Edwin L. Aguirre
A team of researchers led by Dr. Garth Hall, an associate professor in biology at UMass Lowell, has found a new mechanism by which tau - a key protein associated with Alzheimer’s disease - can spread within the human brain. Their work has also provided a new explanation of how tau can appear in the blood and cerebrospinal fluid (CSF) of Alzheimer’s patients, giving new hope that this disease may someday be cured.
Hall, who has spent the better part of 20 years studying Alzheimer’s on the cellular level using larval sea lampreys as a model system, says that his team has discovered two different ways in which tau, a normal human protein that becomes toxic in Alzheimer’s disease, is secreted by neurons, or brain cells. He says this might explain how tau-containing lesions seem to propagate between adjacent, interconnected parts of the brain during the development of the disease. Up until very recently, it has been universally assumed by scientists that tau is never secreted or transferred between neurons at all, and that CSF-tau only appears after many neurons have died and irreversible harm has been done to the brain.
“The fact that tau secretion can occur via two distinct mechanisms strongly indicates that it is biologically ‘real’ and is not just tau protein leaking out of dead neurons,” says Hall. “The fact that it occurs in a pattern that reproduces what is seen in the CSF of Alzheimer’s patients holds out hope that patients in early stages of the disease might someday be cured.”
He adds, “If we can distinguish secreted tau from tau that is released from dying neurons in CSF samples, then maybe we can diagnose Alzheimer’s in time to stop the disease before the neurons die.”
Hall, together with graduate student WonHee Kim and UMass Lowell, has filed a provisional patent application in connection with a novel approach to the early diagnosis of Alzheimer’s that is based on their studies of tau secretion.
Alzheimer’s is the most common form of dementia. It’s a degenerative and terminal brain disorder that typically afflicts people older than 60 years, seriously diminishing their memory, thinking and ability to carry out daily activities and placing great burden on their families and caregivers. So far, there is no known cure for Alzheimer’s.

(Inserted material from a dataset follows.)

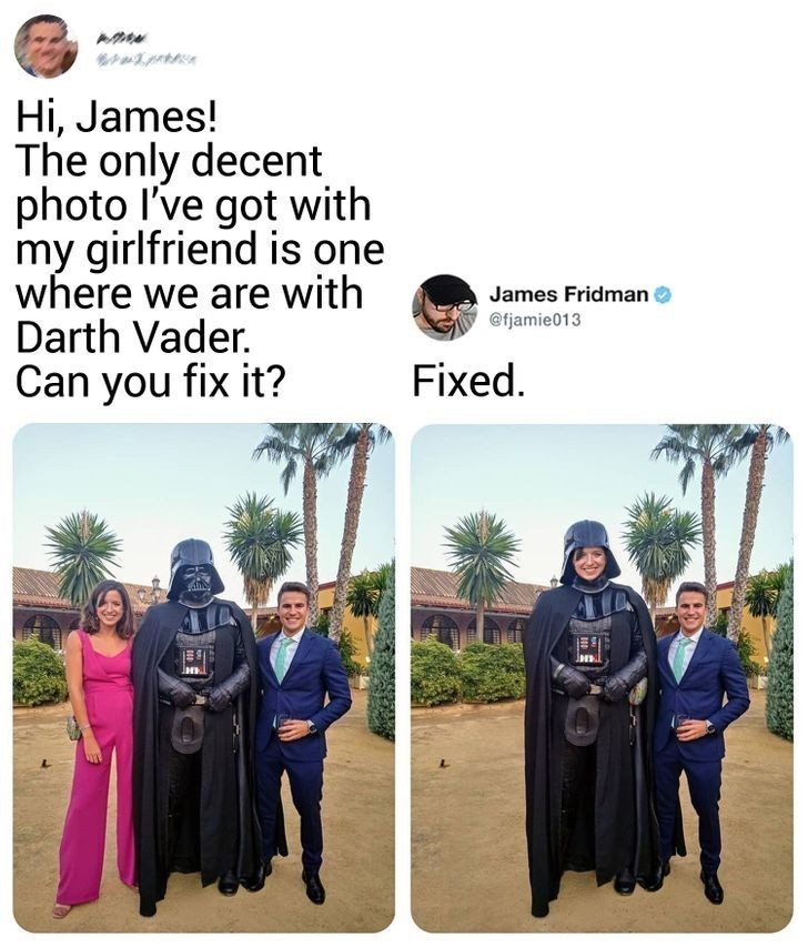 15. "Jedyne porządne zdjęcie jakie mam z moją dziewczyną to to z Darthem Vaderem. Możesz to naprawić?"
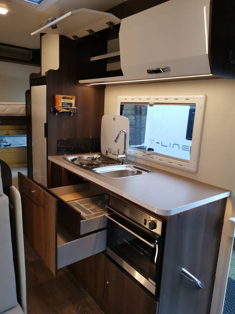motorhome is light and airy and offers sleeping for 6 with an ample sized over

According to the Alzheimer’s Association, as many as 5.3 million people in the United States are living with the disease. It is the seventh leading cause of death among seniors. “The direct and indirect costs of Alzheimer’s and other dementias to Medicare, Medicaid and businesses amount to more than $148 billion each year,” the association’s website reports.
Alzheimer’s is considered a tauopathy (disorder involving tau) due to the abnormal aggregation of tau protein. Tau develops tangled neurofibrillary filaments or threads that result first in malfunctions in biochemical communications between the neurons and later, in the death of these brain cells. By injecting human tau directly into the lampreys’ brain, Hall and his team were able to replicate tau-induced breakdown of the neurons and show how tau-containing lesions are secreted and transferred between neurons and the surrounding cell spaces. They also showed that the same process occurred in human neuronal cell lines in culture.
The team described their findings this February in Volume 19, Issue 2 of the Journal of Alzheimer’s Disease, an international multidisciplinary publication that aims to facilitate progress in understanding the etiology, pathogenesis, epidemiology, genetics, behavior, treatment and psychology of Alzheimer’s disease.
Hall’s team includes three graduate students, four undergraduate students and a postdoctoral fellow in the Center for Cellular Neuroscience and Neurodegeneration Research in the Biology Department at UMass Lowell. Kim and post-doctoral student Sangmook Lee were co-authors of the paper, as was Prof. Gloria Lee of the University of Iowa’s Carver College of Medicine, who has been a longtime collaborator with Hall.
“Our results ... provide a novel conceptual and experimental basis for studying the mechanisms of interneural propagation and toxicity in human neurogenerative disease,” the team wrote in the paper.